* _Saved data entries_
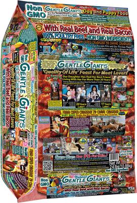 Gentle Giants Natural Non-GMO Dog & Puppy Beef & Bacon Dry Dog Food, bolsa de 24 lb: Gentle Giants con carne de res real y tocino real se elabora con ingredientes super premium sin OGM, como carne de res y tocino de granja real. También contiene otros ingredientes reales y reconocibles, como arroz integral, cebada perlada, avena, además de ocho frutas y verduras como calabaza, arándanos azules, arándanos rojos, manzanas, guisantes, batatas, zanahorias y espinacas. Y con mejillones verdes de Nueva Zelanda, naturalmente ricos en glucosamina y condroitina, esta croqueta también ayuda a reducir la inflamación, favorecer la salud articular e incluso fortalecer los huesos. Las recetas de Gentle Giants están repletas de vitaminas queladas, minerales, ácidos grasos omega-6, ácidos grasos omega-3, prebióticos y probióticos, lo que proporciona a tu cachorro la nutrición integral que se merece. Esta croqueta es apta para perros de todas las edades, desde cachorros hasta adultos mayores.
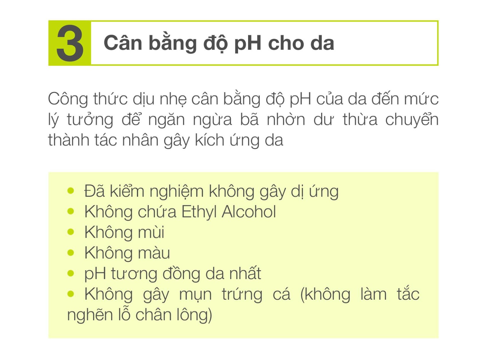 - Với bảng thành phần dịu nhẹ, được da liễu kiểm nghiệm không gây dị ứng, không mùi, không màu, không cồn vì vậy an toàn cho mọi loại da kể cả da nhạy cảm, có thể sử dụng ngay cả làn da mỏng manh của trẻ em
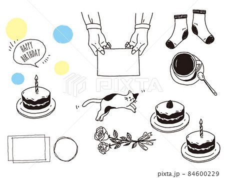 白黒、モノトーン、線画のイラスト(手書き、コーヒー、手、ファッション、猫、ケーキ)
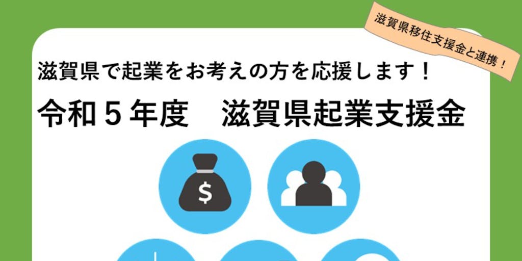 2023/05/15(公財)滋賀県産業支援プラザでは、 ・滋賀県内に居住している方 ・補助事業の完了日(最長令和6年1月末)までに滋賀県内に居住することを予定している方 を補助対象者の主な要件とし、「新たに起業する者」、「事業承継を行う者」または「第二創業を行う者」への補助事業を実施します。 滋賀県への移住および起業をお考えの皆様、ぜひ一度本補助金への応募をご検討ください。
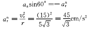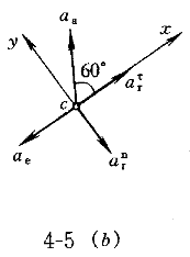 正确答案:B 解题思路:解:由于O A=O B,O O =AB,故半圆形平板ACB作平动。取CD杆上的C点为动点,动系与半圆形平板固连(平动系)。于是v =v![]() a =a![]() A点的速度和加速度大小分别为 v =OA·ω=15· =15 cm/sa =OA·ω =15·( ) =15 cm/s![]() 它们的方向如图5所示。 根据已知条件和速度合成定理,作出动点的速度平行四边形如图5(a)所示,从而可得: v =v etan30°=v Atan30°= =15cm/s标出动点C的各项加速度如图4-5(b)所示,并选图示坐标系czy。 ![]() 根据牵连运动为平动时点的加速度合成定理,此时有: ![]() 将此矢量式向图示y轴投影,得: ![]() 于是 ![]() a 为负值,说明a 在图上所设指向与实际情况相反,即a 的方向铅直向下。所得a 即为此时CD杆的加速度a 。故应选择B。 |
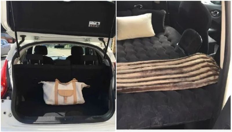 ചെറിയൊരു കിടക്ക, തുണി വിരിക്കാനുള്ള ഹാങ്ങര്, കൂളര് ബാഗ്, കുഷ്യന്സ് എന്നിവയെല്ലാമുണ്ട് കാര് മുറിയില്...

* _PROBLEM TO SOLVE_
Give back exactly the lines running from the one that contains "正确答案:B 解题思路:解:由于O A=O" to the end of the records, including both of those lines and excluding every picture.

* _RESPONSE TO THE EXERCISE_
 正确答案:B 解题思路:解:由于O A=O B,O O =AB,故半圆形平板ACB作平动。取CD杆上的C点为动点,动系与半圆形平板固连(平动系)。于是v =v![]() a =a![]() A点的速度和加速度大小分别为 v =OA·ω=15· =15 cm/sa =OA·ω =15·( ) =15 cm/s![]() 它们的方向如图5所示。 根据已知条件和速度合成定理,作出动点的速度平行四边形如图5(a)所示,从而可得: v =v etan30°=v Atan30°= =15cm/s标出动点C的各项加速度如图4-5(b)所示,并选图示坐标系czy。 ![]() 根据牵连运动为平动时点的加速度合成定理,此时有: ![]() 将此矢量式向图示y轴投影,得: ![]() 于是 ![]() a 为负值,说明a 在图上所设指向与实际情况相反,即a 的方向铅直向下。所得a 即为此时CD杆的加速度a 。故应选择B。 |
 ചെറിയൊരു കിടക്ക, തുണി വിരിക്കാനുള്ള ഹാങ്ങര്, കൂളര് ബാഗ്, കുഷ്യന്സ് എന്നിവയെല്ലാമുണ്ട് കാര് മുറിയില്...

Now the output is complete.